The definition of a membrane is a thin, film-like structure that acts as a selective barrier or a separating structure that allows only certain particles or chemicals to pass through. A cell has an outer plasma membrane and an internal plasma membrane. The outer plasma membrane forms a barrier between the cell and its surroundings, controlling the traffic of molecules in and out of the cell, exhibiting the characteristics of a selective permeable membrane. The internal plasma membrane provides a structural order for the metabolism.

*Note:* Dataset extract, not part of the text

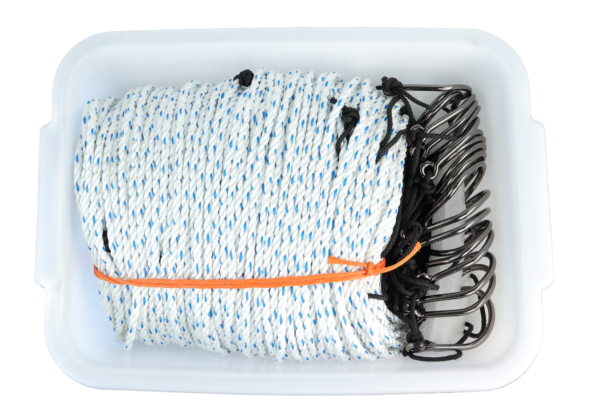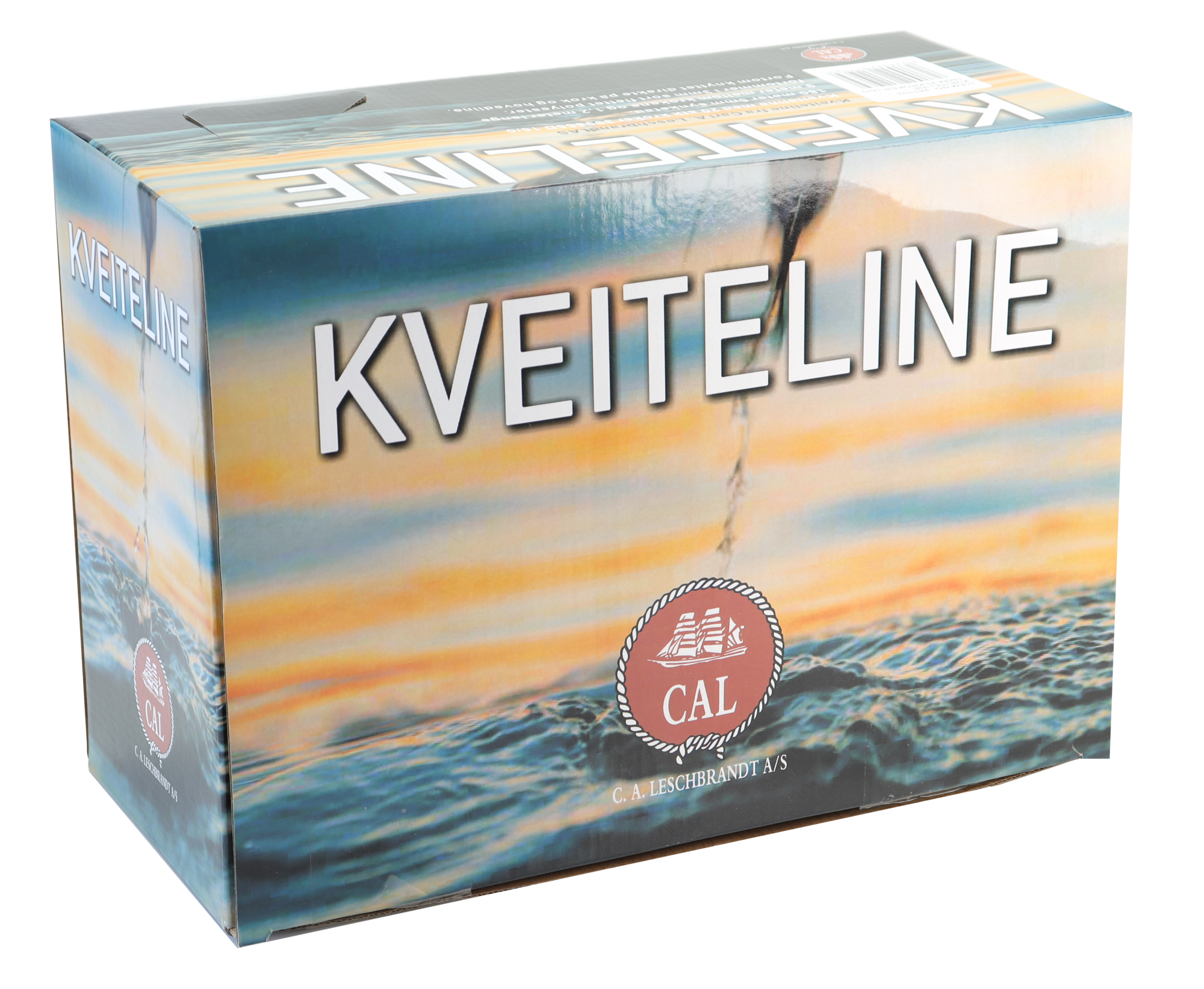 Kveiteline fra CAL. Oppgradert kveiteline med 20 stk kroker 399665D 16/0 180 meter 5mm synketau. 9 meter mellom krokene, og 1,2 meter langer fortommer i 3mm sort flettet polyester. Fortom knyttet direkte på krok og hovedline. Kommer i praktisk oppbevaringsboks. Bruk. Settes direkte fra plastboksen, eller plasser linen i en rund dunk, kveiles ned med krokene ytterst i dunken. Som agn passer en halv makrell eller sild. Bruk solid synk og ha tilstrekkelig med tauverk. Som flottør brukes flaggmann eller stor flottør. Ha gjerne opphaler i begge ender. Husk å merke flottør med navn, adresse og mobilnr. Etter bruk bør kroker renses og påføres fett, og det hele lagres ”musefritt”.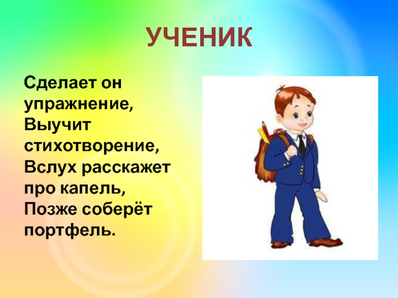 УЧЕНИКСделает он упражнение, Выучит стихотворение, Вслух расскажет про капель, Позже соберёт портфель.

A membrane’s structure is like a complex fluid mosaic. It is made up of proteins and molecules that are embedded in a phospholipid bilayer. The phospholipids are the main structural component of the membrane, the organization of the phospholipid bilayer allows the hydrophobic tails to be protected by the hydrophilic heads, due to the polarization of the heads and the non-polarity of the tails.

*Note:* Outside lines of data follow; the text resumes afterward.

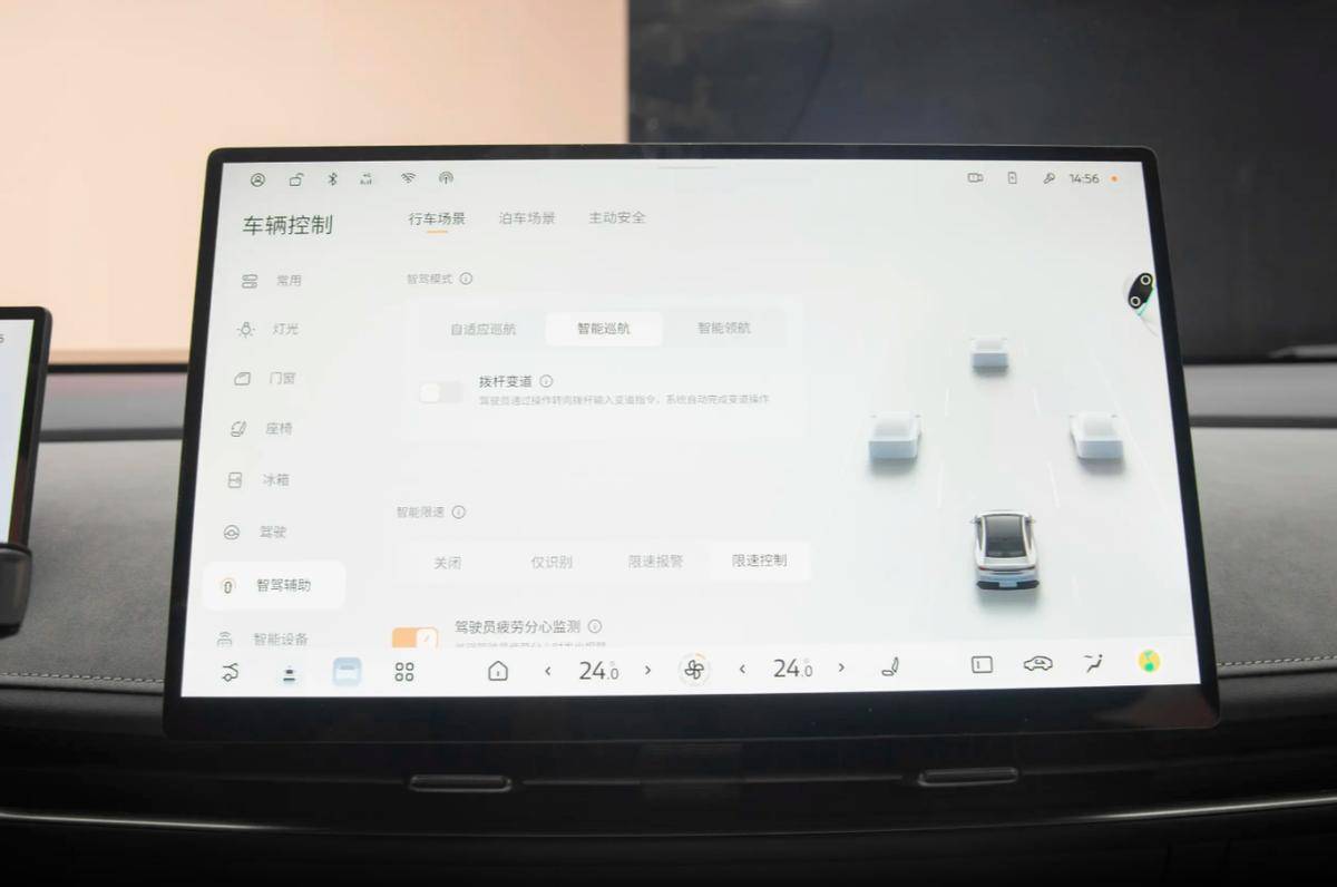 试驾过程中,我在行车过程中着重体验了车内的智能化配置,因为在我的认知里,能方便盲操作才是实用性的体现,车机内部配有8295P芯片,带来了丝滑的车机交互响应,车内前后排均配有语音助手,“你好小尼”的唤醒词较为亲切,我专门测试了“后排有点冷”、“导航到最近的公园”等模糊指令的识别率,我发现车机均能快速响应。全车还配有NVIDIA DRIVE Orin芯片和Momenta的辅助驾驶系统,使得整车具备了L2+级的辅助功能,在我试驾的城市路段中,系统对加塞车辆的预判能力甚至优于多数人类驾驶员,而遇到施工路段时,自动规划的绕行路线也较为精准。不过需要指出的是,我在高速路段试驾时,高速NOA在超大曲率弯道中设定仍略显保守,方向盘修正频率略高。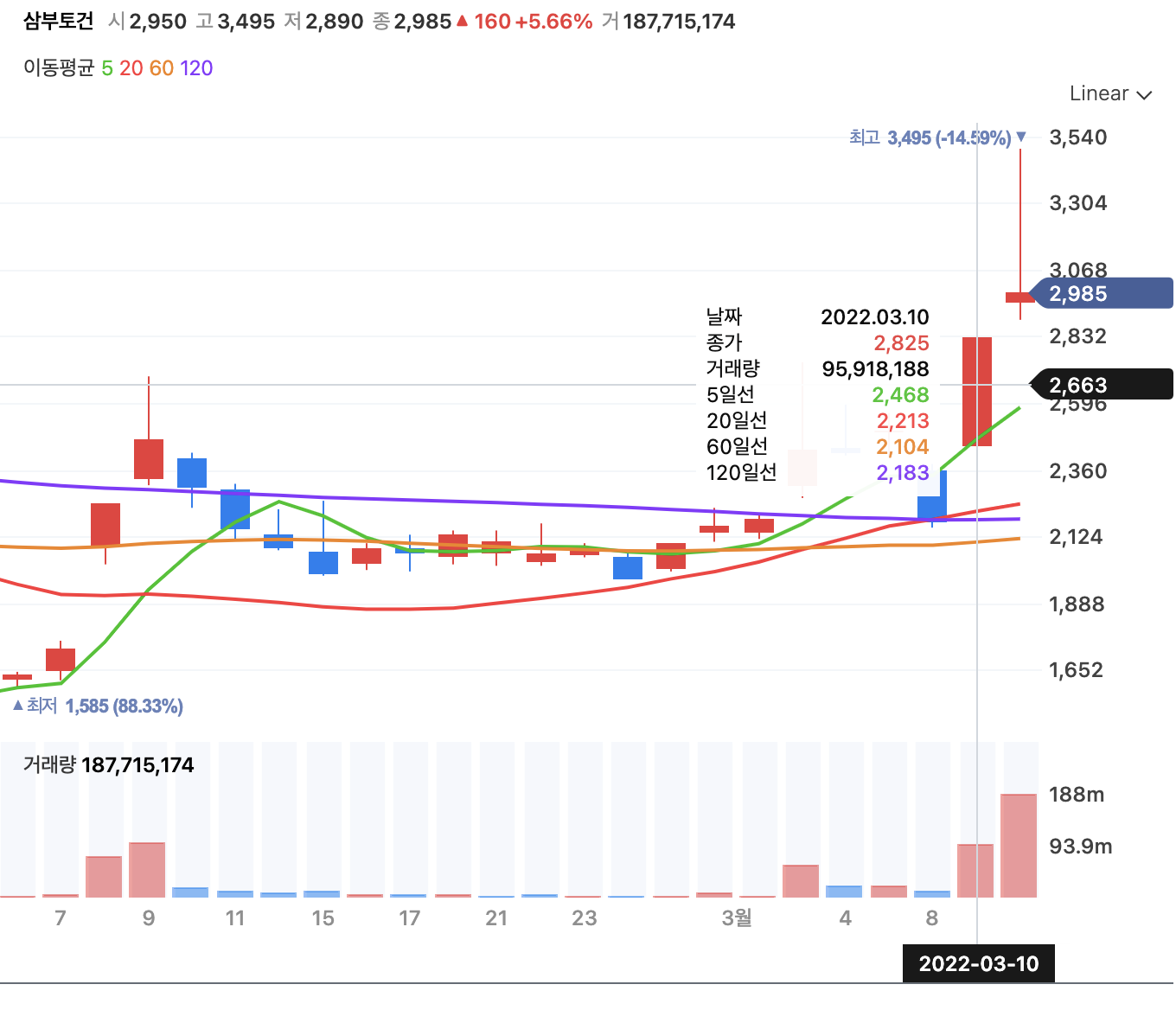 대선 직후 3월 10일, 11일 삼부토건의 주가가 요동친 것을 확인할 수 있습니다. 시장은 거짓말을 하지 않죠.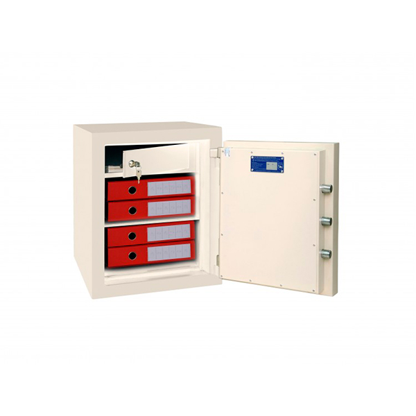 Толщина специального огнестойкого наполнения дверей и корпуса составляет 43 мм. Закрывается сейф ключевым замком STUV. Это создаст существенную преграду для злоумышленника. Запирание осуществляется ригельной системой. Толстые вращающиеся ригеля диаметром 25 мм обеспечат практическую защиту от возможности их перепиливания. Дополнительно со стороны петель имеются антисрезы. Благодаря этому достигается класс взломостойкости S2 (по ДСТУ EN 14450). В кремово-белом цвете сейф отлично дополнит любое современное помещение.
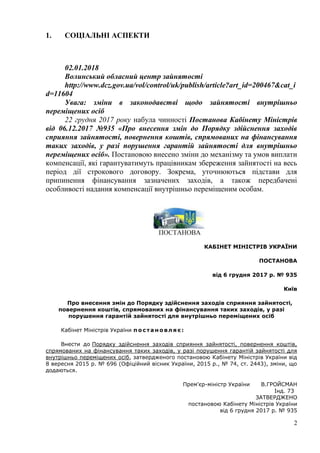 від 06.12.2017 №935 «Про внесення змін до Порядку здійснення заходів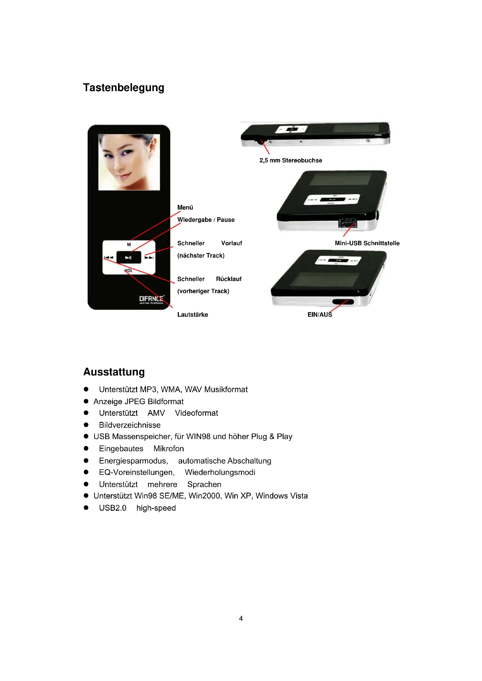 MP1010 - Mp3-player Difrnce - Kostenlose Bedienungsanleitung

The proteins that are embedded in the membrane are either integral proteins or peripheral proteins. Integral proteins span the entire membrane but peripheral proteins are either on one side of the membrane or the other.

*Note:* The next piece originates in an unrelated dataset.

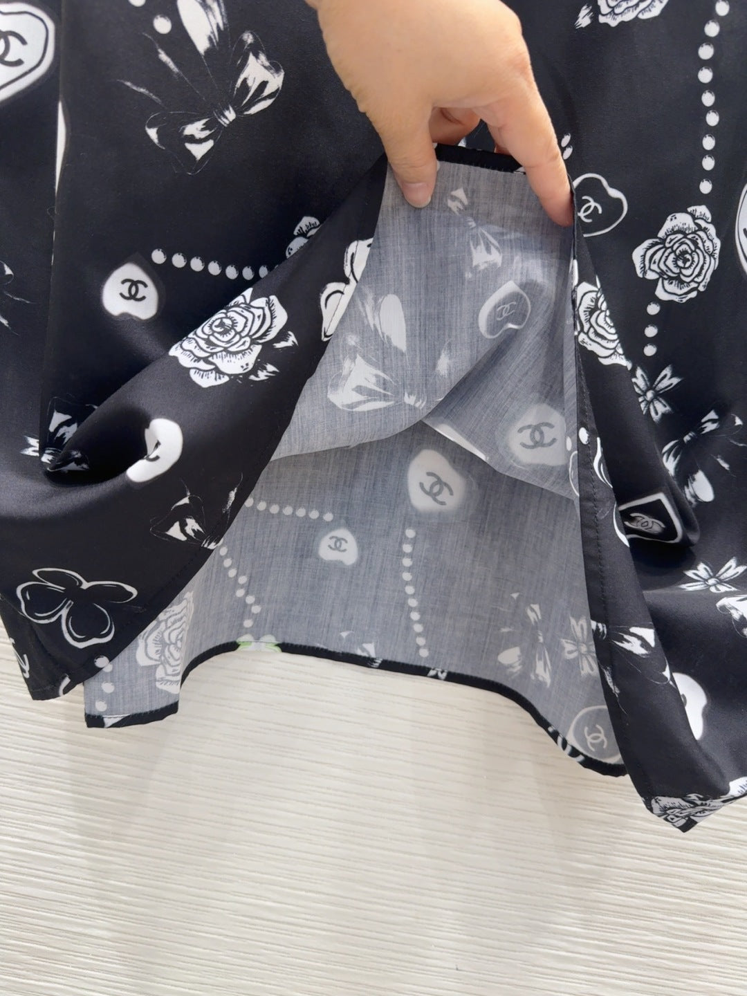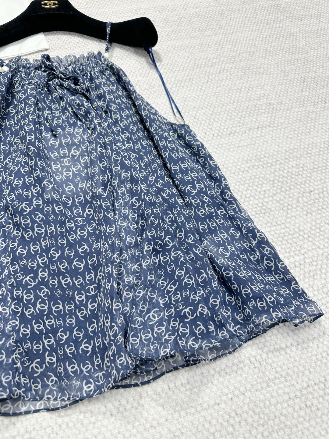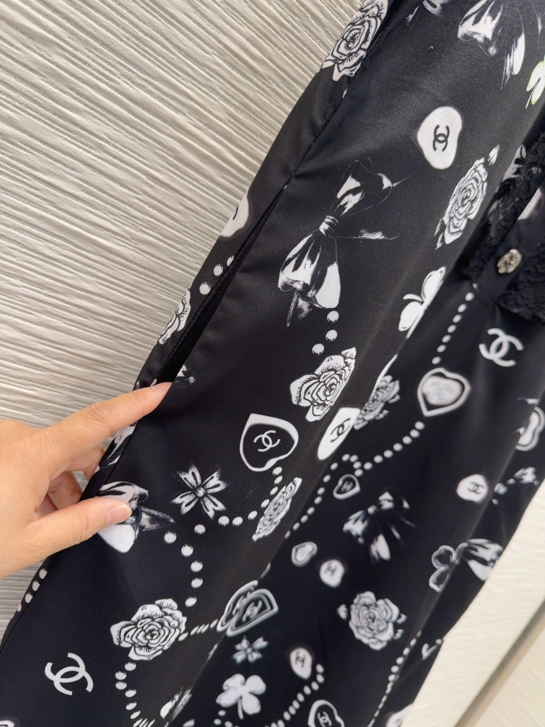 CC 2025 Double C Printed Skirt Black White Polyester Fiber

Though the structure of the membrane is made of phospholipids, most of the membranes functions are accomplished by the embedded proteins. There are many kinds of proteins and each have a specific function. There are cell-cell recognition  proteins that identify the type of cell and indicate what is the cell’s and what is “foreign.” Most of the cell-cell recognition proteins are  glycoproteins, which are short chain carbohydrates that attach onto the extracellular side of the membrane, all carbohydrate chains are very specific and vary between species, individuals and cell types, which is why they are used by the cell to make sure that nothing foreign enters that specific cell. Another type of protein that is embedded in the membrane are integrins. Integrins are the main integral protein that strengthens and provides structure to the membrane. There are also intercellular junction proteins, that help corresponding cells stick together to form tissues; enzymes, which activate the biochemical reactions that occur in the cells; and receptor proteins, which bind hormones and other substances to the outside of the cell allowing a change inside the cell to be triggered. The other protein that should be mentioned are the transport proteins, which have two different forms. There are passive transport proteins which do not require energy and allow soluble substances to pass through the membrane and there are active transport proteins that allows the cell to expend energy in order to transport water soluble substances against their concentration gradient.